Saat itu, kupikir memang sudah saatnya melupakan masa lalu. Melupakan kenanganku bersama cinta pertamaku dan memilih untuk membuka lembaran baru dengannya. Jadi, aku menerimanya.

"Ya. Aku mau."

Matanya seketika berbinar lucu. Ia mengitari meja perpustakaan untuk duduk di sampingku. Memelukku dengan sangat erat dan melupakan fakta jika kita sedang berada di tempat umum. Aksinya berhenti ketika Bu Yoon—Guru penjaga perpustakaan memperingatinya yang sejak tadi tidak bisa berhenti berteriak kegirangan.

Kalian pikir kisah percintaan kami selalu bahagia? Tentu saja tidak. Mungkin masalahnya terletak pada diriku yang tidak bisa melupakan kenangan masa lalu. Kata orang, cinta pertama itu memang sangat sulit untuk di lupakan. Dan itu terbukti. Hatiku selalu luluh ketika tanpa sengaja bertemu dengannya lagi. Aku berubah bimbang dan tanpa sadar melukai hati Chanyeol dengan sikapku. Aku sempat ingin mengakhiri hubungan ini. Namun, Chanyeol selalu mempunyai cara tersendiri agar membuatku tetap bersamanya.

Itu dulu. Kurasa sekarang aku benar – benar tidak bisa hidup tanpa pria tinggiku itu.

-First Love-

Jam sudah menunjukkan pukul 07:50 A.M saat aku melangkah memasuki lorong. Seperti biasa, sebelum bel berbunyi para murid sudah pasti memanfaatkan waktu. Ada yang sedang membaca komik di sudut kelas sana, ada yang sedang sarapan di kantin atau sekedar berkumpul untuk menggosipkan sesuatu.

Bel berbunyi tepat saat aku sudah melangkah, memasuki ruang kelas yang terletak di ujung lorong lantai 2 sekolah. Aku membenahi rompi seragamku, menyisir sedikit rambut kecokelatanku dengan jemari.

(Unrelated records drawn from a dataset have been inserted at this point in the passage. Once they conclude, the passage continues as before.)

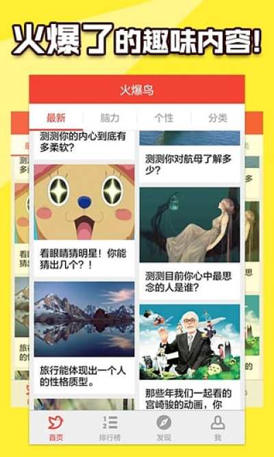 火爆了的趣味内容社区!涵盖了各种好玩的趣味测试、脑力测试、趣闻盘点、趣味图文!添快乐,涨姿势!跟无聊说白白!轻松分享超有趣超挑战的内容给朋友,引爆你的社交网络!
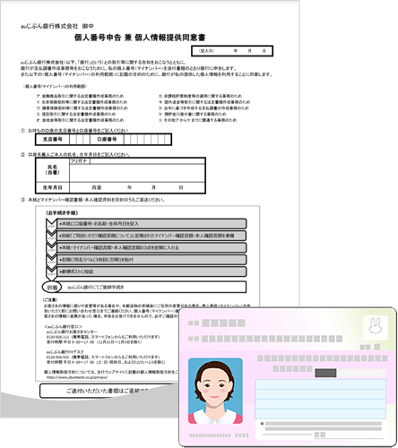 - ※「個人番号カード(マイナンバーカード)」以外の個人番号(マイナンバー)書類をご提出の場合、ご登録内容の確認ができる「本人確認書類」のご提出が必要です。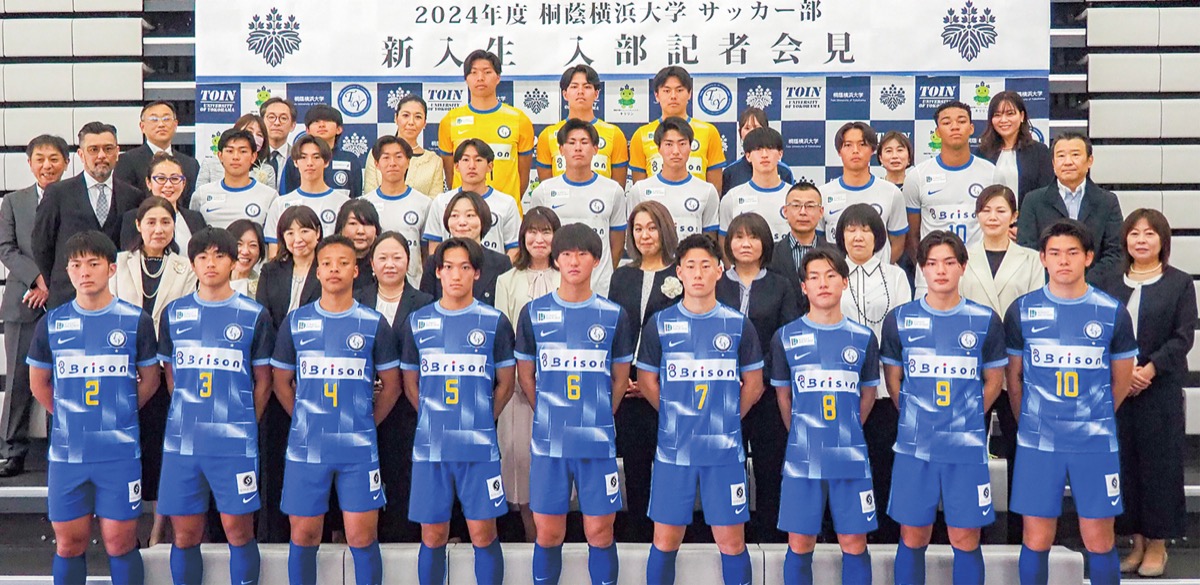 桐蔭横浜大学(鉄町/森朋子学長)で4月2日、サッカー部に加わる新入生の入部記者会見が初めて開催された。同日に行われる入学式を前に実施されたもので、日本高校選抜の一員として海外遠征中の太田隼剛選手(市立船橋高校)、杉本英誉選手(青森山田高校)を除く23人(学生スタッフ2人含む)とその保護者が参加した。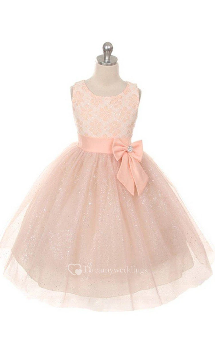 Sleeveless A-line Dress With Bow and Lace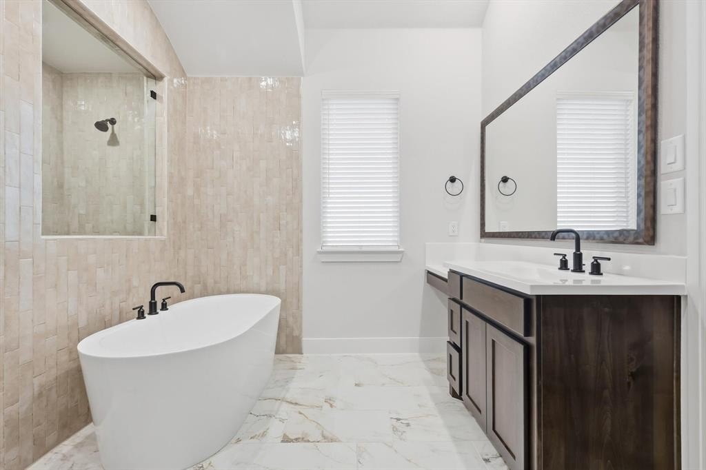 There’s a dedicated office for working from home, plus a bonus media or game room that gives everyone a space to relax or play. Guests will love their own private suite with a full bath, while two additional secondary bedrooms share a convenient Jack-and-Jill layout. The primary suite is tucked privately at the rear of the home and offers a spa-like retreat complete with a slipper tub, a stunning walk-in shower, and generous closet space.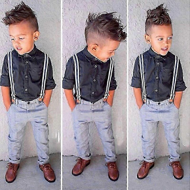 Kids Boys Gentleman Shirt Top + Suspender Long Pants Outfits Formal Suit
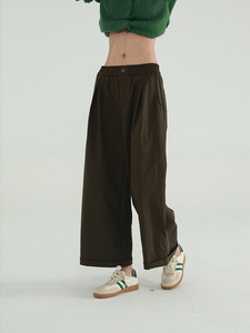 特舒棉lulu卷边裤!轻复古百搭休闲松紧腰阔腿裤女宽松显瘦九分裤

"Hei, Baek!" Aku tersenyum ketika melihat sahabatku sudah berada di tempatnya. Pria bermata bulat itu mengibaskan tangannya, menyuruhku cepat – cepat mendekat. Aku yakin, setelah ini pasti dia akan menceritakan soal…

"Kemarin sore aku bertemu dengan Jongin di Game Center."

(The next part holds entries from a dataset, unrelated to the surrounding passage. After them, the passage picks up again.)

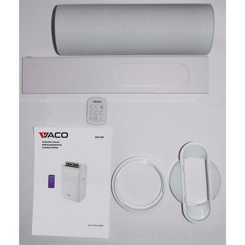 De Vaco VAC12W is een kleine mobiele airconditioning, ontworpen voor kamers waar de ruimte voor het opstellen en aansluiten van een airconditioner beperkt is. Ondanks de kleine afmetingen kenmerkt de mobiele airco zich door een hoog rendement, energieklasse A, en een laag geluidsniveau. De belangrijkste voordelen: Koelt, droogt en ventileert efficiënt Vermogen past zich automatisch aan voor ruimtes tot 34 m² De airconditioner heeft een laag geluidsniveau in de laagste ventilatorstand Herbruikbare luchtfilters Intelligente nachtmodus Droogt automatisch in de koelmodus (samen met de afvoer van hete lucht) Eenvoudig te bedienen met Wifi Compatible: IOS, Android Spraakbesturing met spraakassistenten: Google Assistant / Google Home en Amazon Alexa / Amazon Echo Werkingsmodus Vaco VAC12W: Koeling: Het gebruik van warmtepomptechnologie zorgt voor een zeer efficiënt gebruik van elke Watt aan energie. Zijn koelcapaciteit van 3.5 kW is voldoende om een ruimte tot 34 m² effectief te koelen, tegelijkertijd is het maximale stroomverbruik slechts 1.200 Watt. Ontvochtiging: Een zeer nuttige functie bij een verhoogde luchtvochtigheid. Een nieuwbouwhuis, herfstregens, of vochtig weer, deze omstandigheden zorgen ervoor dat de lucht verzadigd is met vocht. De Vaco VAC12W airconditioner kan tot 36 liter condenswater per dag uit de lucht halen. Ventilatie en reiniging: De mobiele airco is uitgerust met een wasbaar filter dat de hoeveelheid stof in de ruimtes vermindert. De ventilator zorgt voor een luchtstroom tot 300 m³ per uur. Standaarduitrusting van de Vaco VAC12W mobiele airconditioner: Luchtafvoerslang Uitlaatmondstuk Raamuitlaat mondstuk Afstandsbediening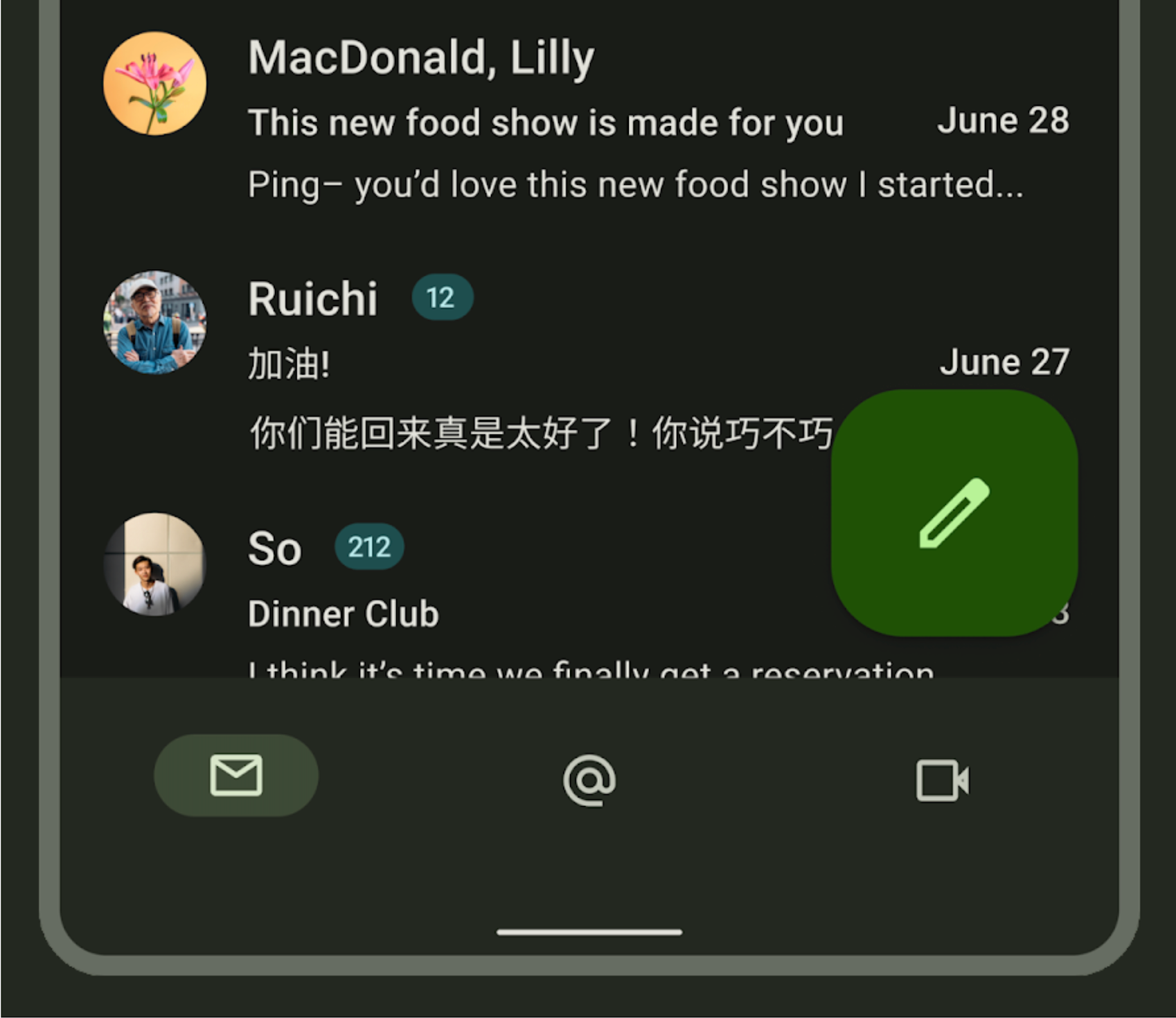 Google 的 Material Design 中的 FAB(Floating Action Button)是典型的突出設計:使用與介面其他部分明顯不同的顏色。位置固定在介面右下角,形成視覺錨點。強調頁面中最主要的操作,例如新增新內容。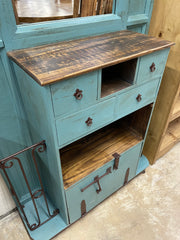 Rustic hall tree crafted from solid pine wood, finished in a distressed turquoise tone that adds character and charm. This piece features a built-in mirror, decorative wrought iron accents, and metal hooks for hanging coats, hats, or bags. The lower section offers practical storage with drawers, open shelving, and a cabinet, making it both functional and stylish. Accented with rustic iron hardware and a contrasting wood top, it’s ideal for entryways, mudrooms, or hallways with rustic, farmhouse, or Mexican-style décor.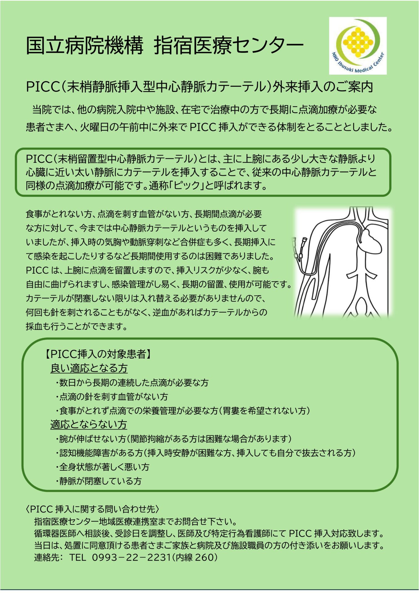 循環器内科医師へ相談後、受診日を調整し、医師及び特定行為看護師にてPICC挿入対応致します。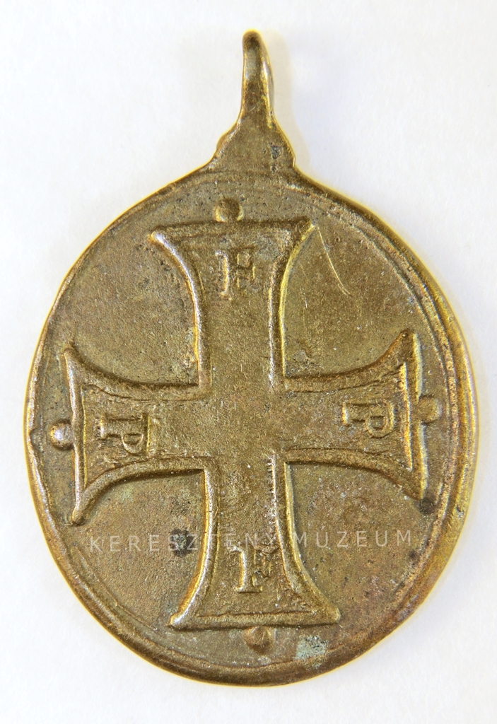 Hátlap: kereszt, a Szent Mihály Testvéri Szervezet jele, a kereszt száraiban: F-P-F-P betűk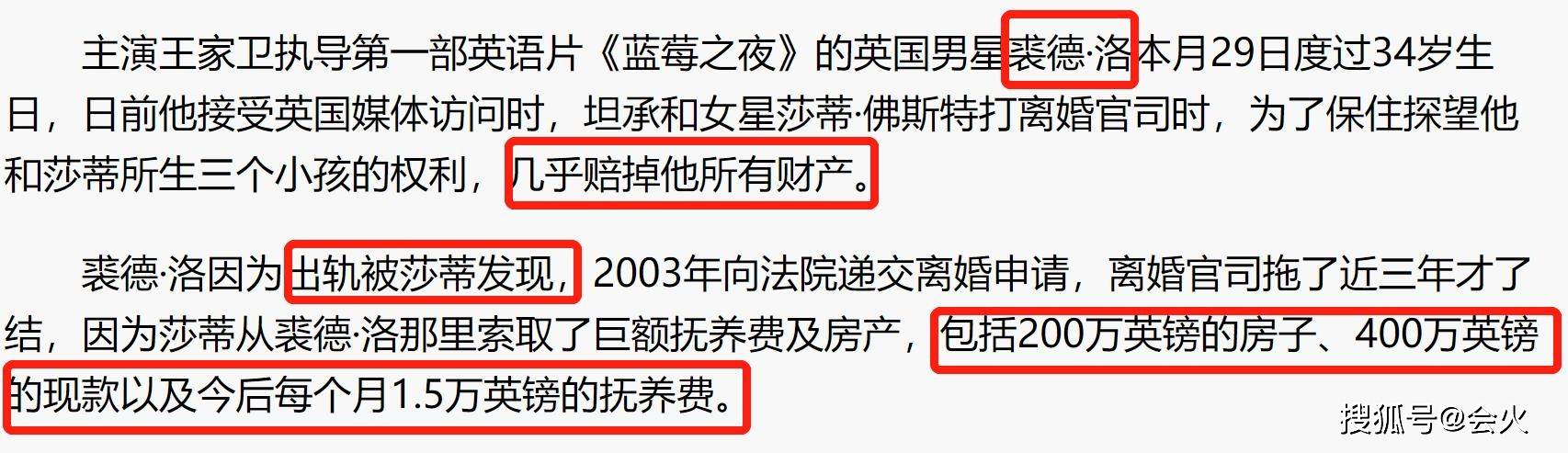 对于已经有此成绩的国际一流男星裘德•洛来说,赡养费应该不是需要头疼的问题。

…Orang yang dia suka. Tebakanku selalu tepat.

"Dia tersenyum padaku dan Oh! Aku juga melihat Sehun bersamanya loh." –Kyungsoo, sahabatku itu menaik turunkan kedua alisnya cepat, bermaksud menggoda.

"Lalu?" Ucapku datar.

Mulai lagi deh.

"Dia tampan. Aku rasa dia menyukaimu, Baek!"

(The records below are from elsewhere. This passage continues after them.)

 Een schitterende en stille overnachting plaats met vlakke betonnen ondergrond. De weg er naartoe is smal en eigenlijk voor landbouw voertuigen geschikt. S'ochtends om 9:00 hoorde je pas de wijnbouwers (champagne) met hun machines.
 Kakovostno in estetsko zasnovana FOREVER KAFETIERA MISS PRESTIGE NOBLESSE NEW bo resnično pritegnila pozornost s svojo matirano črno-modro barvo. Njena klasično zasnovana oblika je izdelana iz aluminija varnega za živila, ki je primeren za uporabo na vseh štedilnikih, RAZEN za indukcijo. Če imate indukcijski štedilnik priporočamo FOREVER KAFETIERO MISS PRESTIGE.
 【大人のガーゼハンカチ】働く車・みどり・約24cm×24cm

Aku memutar bola mata malas. Suka dari sudut mananya? Berbicara saja tidak pernah. Dia bahkan tak pernah memanggil namaku dengan benar jika ingin meminjam sesuatu.

"Berhenti bicara omong kosong! Dia tidak menyukaiku dan berhenti mengatakan itu berulang kali, aku muak!" Aku menggantung tasku di samping meja lalu mendudukan tubuhku dengan malas di kursi. "Dan ingat! Aku tidak menyukainya! Tidak akan. Dia sama sekali bukan tipeku!"

Ya. Semua ini terjadi semenjak aku yang tidak sengaja membaca buku harian Kyungsoo. Kau tahu? Semuanya penuh dengan ungkapan cinta untuk si Jongin—aish. Sejak saat itu, dia berusaha keras membuatku jatuh cinta pada sahabat si pria berkulit tan itu. Oh Sehun namanya. Aku sendiri tidak mengerti kenapa dia ingin sekali melihatku dengan si albino itu.

Kyungsoo merengut. " Awas. Kau bisa termakan omonganmu sendiri, Baek!"

Aku tertawa kecil, menatap Kyungsoo sambil menggelengkan kepala. "Tidak akan."

"Oke. Kita lihat saja nanti."

Dan, aku menyesal pernah mengatakan itu semua padanya. Lihat? Betapa bahagianya dia ketika aku mengatakan jika aku...yeah—aku menyukai Oh Sehun.

Dia bahkan tidak berhenti tertawa sejak tadi. Puas sekali dia mengejekku. "Sudah kubilang bukan? Kau bisa saja termakan omonganmu sendiri! Dan ini dia hasilnya."

Aku juga tidak tahu kenapa aku bisa menyukai orang seperti Sehun. Dia itu termasuk biang onar di sekolah, walau tidak separah Yongguk—anak dari kelas sebelah. Aku bahkan beberapa kali melihat dia sedang berkumpul bersama teman – temannya di sudut gang, 3 blok dari rumahku.

Ini semua ulah Kyungsoo yang tak pernah absen menggodaku ketika Sehun berada di sekitarku. Mengatakan kalimat – kalimat tidak jelas hingga membuatku jengkel dan berakhir dengan aku yang selalu mengumpati pria albino itu tiap malam.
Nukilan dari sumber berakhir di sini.